Ich bitte die Schauspieler immer, mir Varianten anzubieten. Die Schauspieler haben sehr viele Freiheiten gehabt, bis auf die Dialoge – einen improvisierten Text kann man Schauspielern nur bei Beziehungsfilmen überlassen, weil die das alle wissen aus ihren Erfahrungen, über Beziehungen zu reden. Der Drehbeginn ist immer ein Sprung ins kalte Wasser, ich jedenfalls brauche zwei bis drei Tage, bis ich den richtigen Ton für den Film finde. Die Schauspieler haben so gut zusammen gepasst und in der Art, wie sie miteinander gespielt haben, ist keiner rausgefallen. Das war wie eine Gruppendynamik; der ganze Film ist aufgebaut auf Tempowechseln – ruhige Szenen, dann kippt es um und wird virulent, dann wieder langsam. Diesen Rhythmus zu bewältigen ohne dass es peinlich ist oder dass man spürt, dass es gespielt ist, das ist nur möglich gewesen, weil die zusammen so harmonierten.

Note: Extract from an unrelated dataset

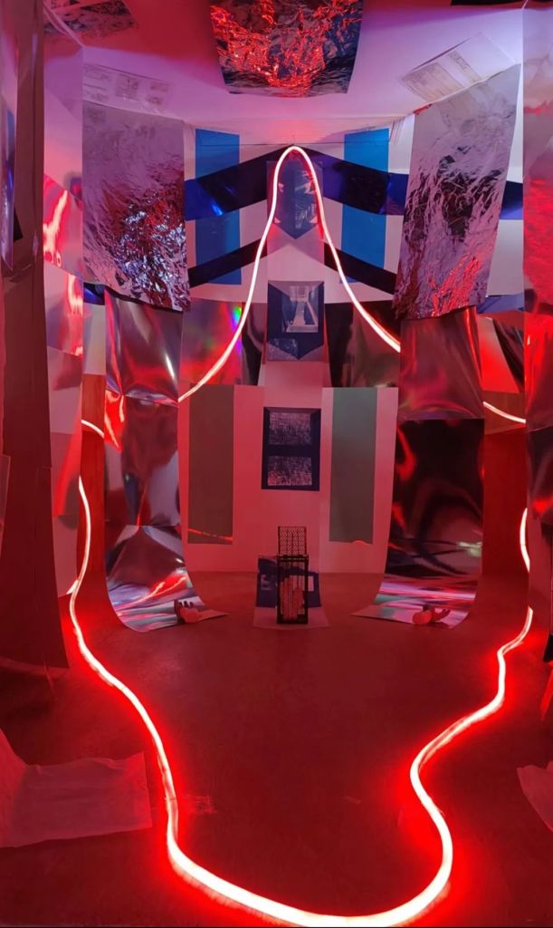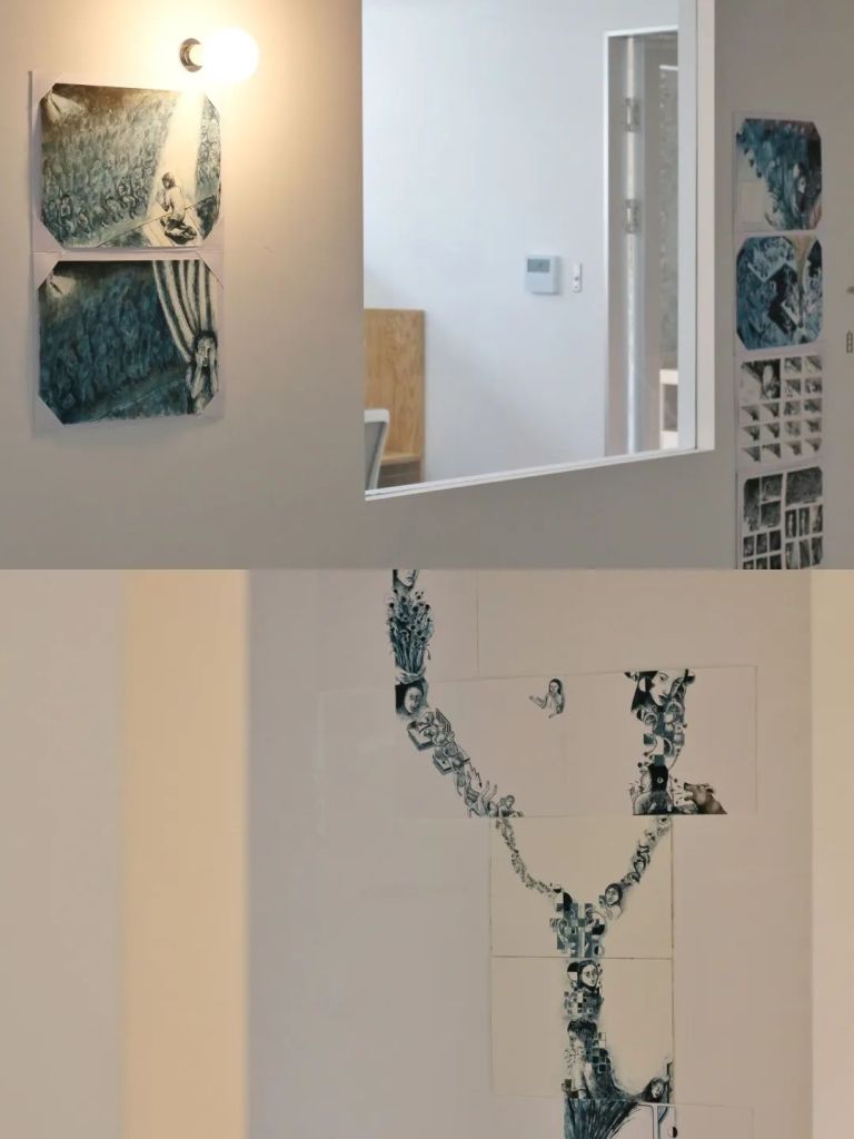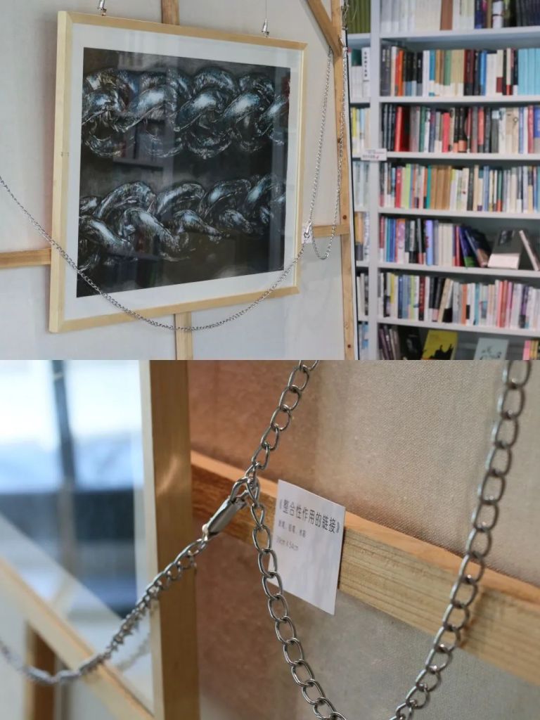A study room on the innermost side of the third floor was turned into a spatial interactive installation in this exhibition, breaking through the limitations of two-dimensional works through light and the three-dimensional composition of the work.
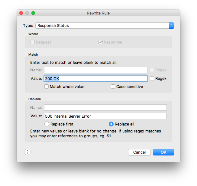 - Una para modificar el Response Status de 200 a 500, eligiendo el tipo Response Status en el desplegable.

Das heißt, es gab vor Drehbeginn kaum Proben? Die drei Brüder sind zwar seit längerem getrennt, aber man spürt als Zuschauer eine Nähe zwischen ihnen. Mussten Sie die nicht vorher erkunden – ob sie mit diesen drei Darstellern überhaupt funktioniert?

Ich habe mir natürlich ihre Demobänder und auch Filme angeschaut und dabei gespürt, dass sie zu einer bestimmtem Sinnlichkeit und Offenheit fähig sind. Es gab auch eine große Freude generell, diesen Film zu machen, auch beim Kameramann Patrick Orth, der die ganze Zeit die schwere Alexa getragen hat.

Kurz vor Ende gibt es eine Szene, wo die beiden Musiker anfangen zu improvisieren, die anderen tanzen. Das wirkt sehr spontan...

Wir haben natürlich Musik komponieren lassen, Hanno Koffler hatte einen Musik-Coach. Die Szene war eigentlich viel größer, es gab noch eine Polonäse. Von der Szene gibt es ungefähr 5 oder 6 Takes – ungeschnitten, die Kamera folgt den Personen. 

Die Kamera aus der Hand war aber auch eine ästhetische Entscheidung?

Ich hatte noch nie mit einer Alexa gearbeitet, das war mein erster digitaler Film. Patrick Orth ist ein sehr erfahrener Mann, er hat seine feste Crew. Ich hatte keine klare Vorstellung, wie man an einem einzigen Schauplatz, in einem Haus, visuell arbeitet, hatte nur die Vorstellung, die Kamera muss auch ein bisschen durchgedreht sein, ist verrückt, ist auch ein Idiot, zappelt irgendwie herum, statt den autoritären Blickpunkt des Autorenfilmers einzunehmen, den »richtigen Blick«. Das hat mich nicht interessiert, ich wollte die Kamera auch ein Stück weit loslassen, ich habe das für mich action painting genannt – mal sehen, wie das dann wirkt. Ich habe gemerkt, ich hätte das gar nicht konventionell filmen können, da hätte ich zehn verschiedene Einstellungen drehen müssen von einer Szene – jedes Mal das Licht neu einzurichten und die Kamera neu aufzubauen, hätte viel zu lange gedauert. Wir hatten ein Licht, das generell im Haus war, der Beleuchter ist dann vorgegangen und hat die Nuancen gesetzt.